En plein cœur de l'été, quand la chaleur pèse sur les pierres ocre de Virton, une procession singulière traverse la cité. La marche Saint-Roch n'est pas une simple tradition folklorique : c'est une promesse collective tenue depuis près de quatre siècles. En 1636, alors que la peste ravageait la région, les habitants de Virton s'engagèrent solennellement auprès de Saint-Roch, patron des pestiférés. Si l'épidémie épargnait la ville, ils marcheraient chaque année en son honneur. Le fléau recula. La marche naquit.

Aujourd'hui encore, chaque 16 août — ou le dimanche le plus proche —, des centaines de fidèles et de marcheurs partent de l'église Saint-Martin pour rejoindre la chapelle Saint-Roch, perchée sur les hauteurs. Le parcours serpente à travers champs et lisières, ponctué de haltes, de cantiques en gaumais et de moments de recueillement. Pas de folklore bruyant ici : juste une dignité tranquille, un pas après l'autre, comme on tient parole.

Entre spiritualité et mémoire vivante

La marche Saint-Roch incarne ce que la Gaume fait de mieux : tisser le sacré et le quotidien sans emphase. Les bannières brodées côtoient les jeans et les baskets, les prières alternent avec les discussions de voisinage. On marche en famille, on retrouve des visages connus, on transmet aux enfants le sens de cet engagement ancien.

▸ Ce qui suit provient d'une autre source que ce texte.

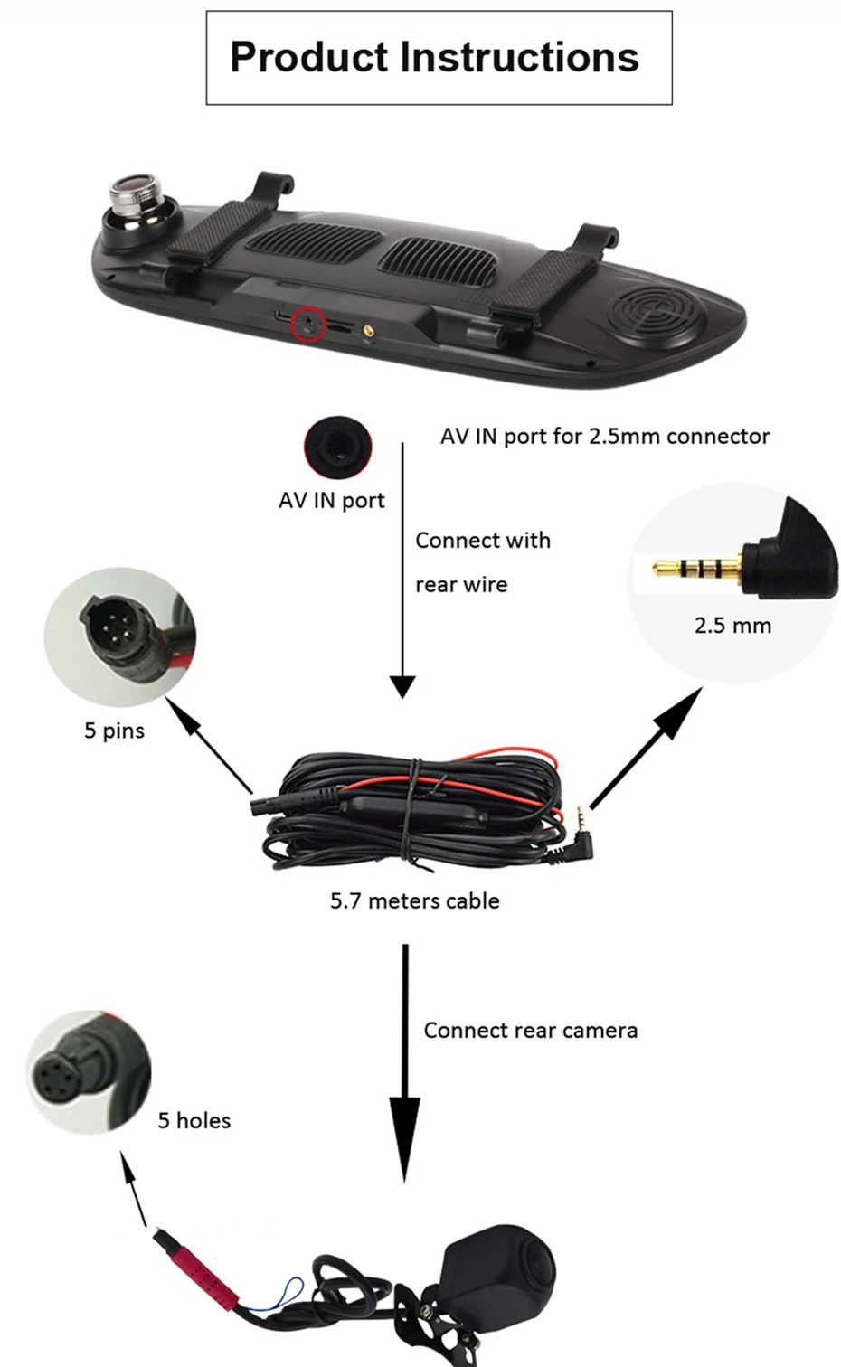 Эта задняя камера будет работать для автомобильного видеорегистратора с цифровым сигналом AV IN. Он не поддерживает аналоговый сигнал. И AV в порту диаметр составляет 2,5 мм,Не 3,5 мм, такие как порт для наушников на вашем смартфоне.Если ваш Автомобильный видеорегистратор не находится в нашем WHEXUNE магазине, перед покупкой нашей задней камеры ночного видения, пожалуйста, сначала проверьте ниже, а затем свяжитесь с нами, чтобы помочь вам сделать окончательное подтверждение:1, проверьте, пожалуйста, убедитесь, что ваш Автомобильный видеорегистратор AV в порт 2,5 мм;2, пожалуйста, проверьте, является ли ваша оригинальная задняя камера 5 контактами.3, пожалуйста, проверьте, поддерживает ли ваш Автомобильный видеорегистратор цифровое сигнальное видео;

La chapelle Saint-Roch, but du pèlerinage, est un édifice modeste mais chargé d'intention. Restaurée au fil des décennies par les paroissiens eux-mêmes, elle veille sur Virton comme un phare discret. À l'intérieur, ex-voto et témoignages de gratitude rappellent que la foi populaire, en Gaume, n'a jamais été abstraite : elle s'enracine dans le concret, la maladie vaincue, la moisson sauvée, la vie préservée.

Une convivialité qui prolonge le sacré

Comme toute grande tradition gaumaise, la marche Saint-Roch ne s'achève pas au pied de l'autel. Après la messe et la procession, les marcheurs se retrouvent pour partager un verre, une tarte, des nouvelles. Les terrasses de Virton bruissent de conversations en français et en gaumais, les rires fusent, les souvenirs remontent. Cette convivialité-là n'est pas un « après » : elle fait partie du rite, elle prolonge la prière par d'autres moyens.

Certains cheminent par dévotion, d'autres par attachement à une mémoire collective, d'autres encore par simple curiosité ou goût de la marche. Peu importe : tous font vivre une promesse vieille de près de quatre cents ans. Dans un monde où l'on oublie si vite, où les engagements se diluent, la marche Saint-Roch de Virton rappelle qu'il est des paroles tenues, génération après génération, sans fanfare ni calcul. Juste parce qu'on a dit qu'on le ferait.